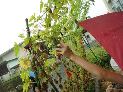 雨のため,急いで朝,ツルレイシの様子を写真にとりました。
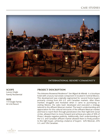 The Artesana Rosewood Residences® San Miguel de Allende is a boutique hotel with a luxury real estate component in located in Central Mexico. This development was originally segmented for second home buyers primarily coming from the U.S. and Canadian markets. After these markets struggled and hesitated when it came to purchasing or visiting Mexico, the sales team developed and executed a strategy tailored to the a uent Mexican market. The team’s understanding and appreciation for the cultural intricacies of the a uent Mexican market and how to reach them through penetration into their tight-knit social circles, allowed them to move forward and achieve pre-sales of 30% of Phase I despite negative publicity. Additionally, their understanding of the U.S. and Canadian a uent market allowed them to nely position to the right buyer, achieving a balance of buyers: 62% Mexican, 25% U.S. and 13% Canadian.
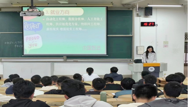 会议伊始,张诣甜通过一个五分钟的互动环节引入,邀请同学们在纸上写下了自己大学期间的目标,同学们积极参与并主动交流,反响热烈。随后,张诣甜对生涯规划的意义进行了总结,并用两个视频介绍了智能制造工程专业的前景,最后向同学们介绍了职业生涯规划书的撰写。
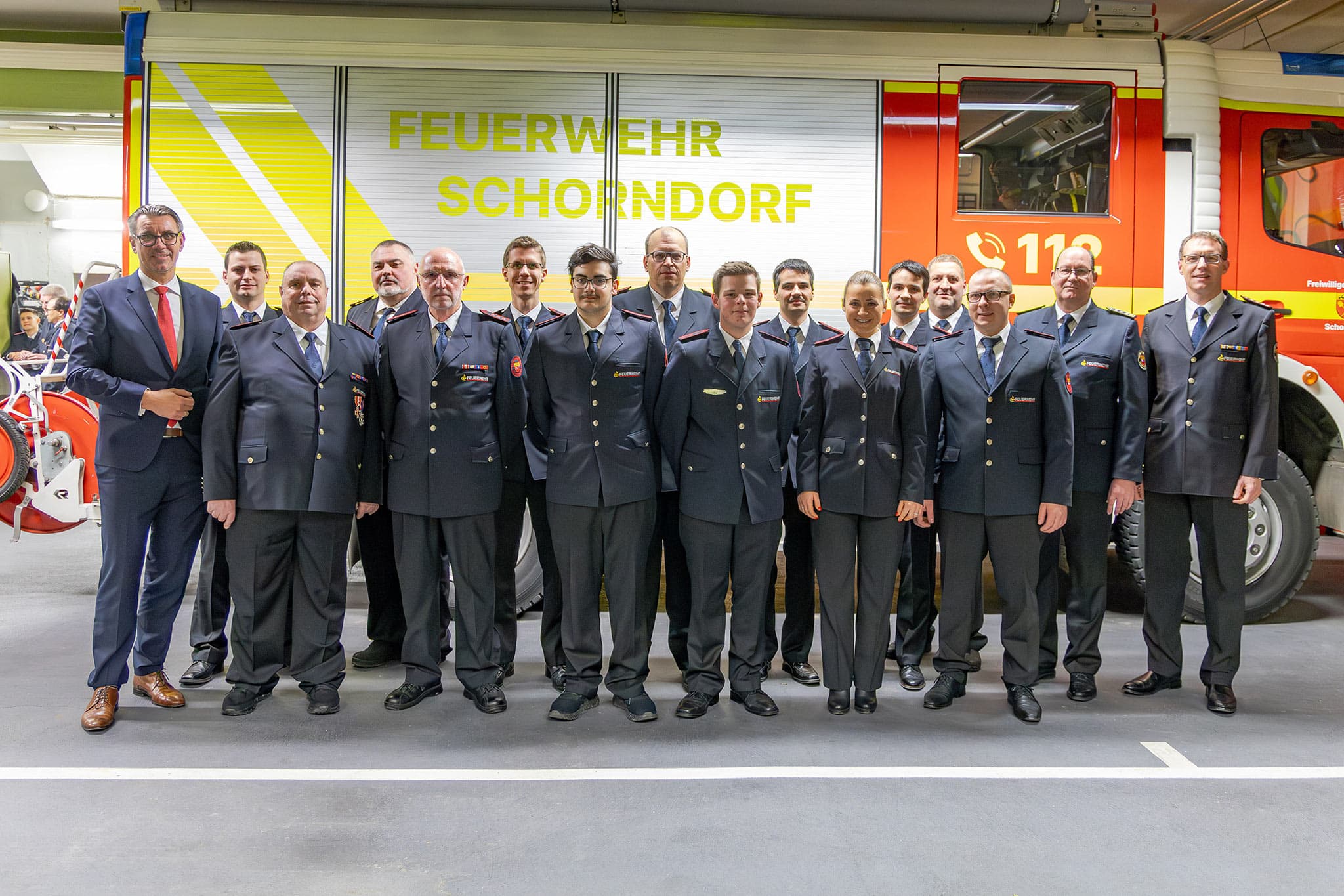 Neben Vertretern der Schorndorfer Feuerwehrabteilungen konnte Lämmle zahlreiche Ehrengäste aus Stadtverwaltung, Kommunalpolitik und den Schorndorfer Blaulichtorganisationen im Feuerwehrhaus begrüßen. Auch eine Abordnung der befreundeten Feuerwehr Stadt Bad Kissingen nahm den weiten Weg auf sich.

> _Task item_: The whole listing must be transcribed exactly. No pictures belong in the copy.

> _Answer to this exercise_:
 雨のため,急いで朝,ツルレイシの様子を写真にとりました。
 The Artesana Rosewood Residences® San Miguel de Allende is a boutique hotel with a luxury real estate component in located in Central Mexico. This development was originally segmented for second home buyers primarily coming from the U.S. and Canadian markets. After these markets struggled and hesitated when it came to purchasing or visiting Mexico, the sales team developed and executed a strategy tailored to the a uent Mexican market. The team’s understanding and appreciation for the cultural intricacies of the a uent Mexican market and how to reach them through penetration into their tight-knit social circles, allowed them to move forward and achieve pre-sales of 30% of Phase I despite negative publicity. Additionally, their understanding of the U.S. and Canadian a uent market allowed them to nely position to the right buyer, achieving a balance of buyers: 62% Mexican, 25% U.S. and 13% Canadian.
 会议伊始,张诣甜通过一个五分钟的互动环节引入,邀请同学们在纸上写下了自己大学期间的目标,同学们积极参与并主动交流,反响热烈。随后,张诣甜对生涯规划的意义进行了总结,并用两个视频介绍了智能制造工程专业的前景,最后向同学们介绍了职业生涯规划书的撰写。
 Neben Vertretern der Schorndorfer Feuerwehrabteilungen konnte Lämmle zahlreiche Ehrengäste aus Stadtverwaltung, Kommunalpolitik und den Schorndorfer Blaulichtorganisationen im Feuerwehrhaus begrüßen. Auch eine Abordnung der befreundeten Feuerwehr Stadt Bad Kissingen nahm den weiten Weg auf sich.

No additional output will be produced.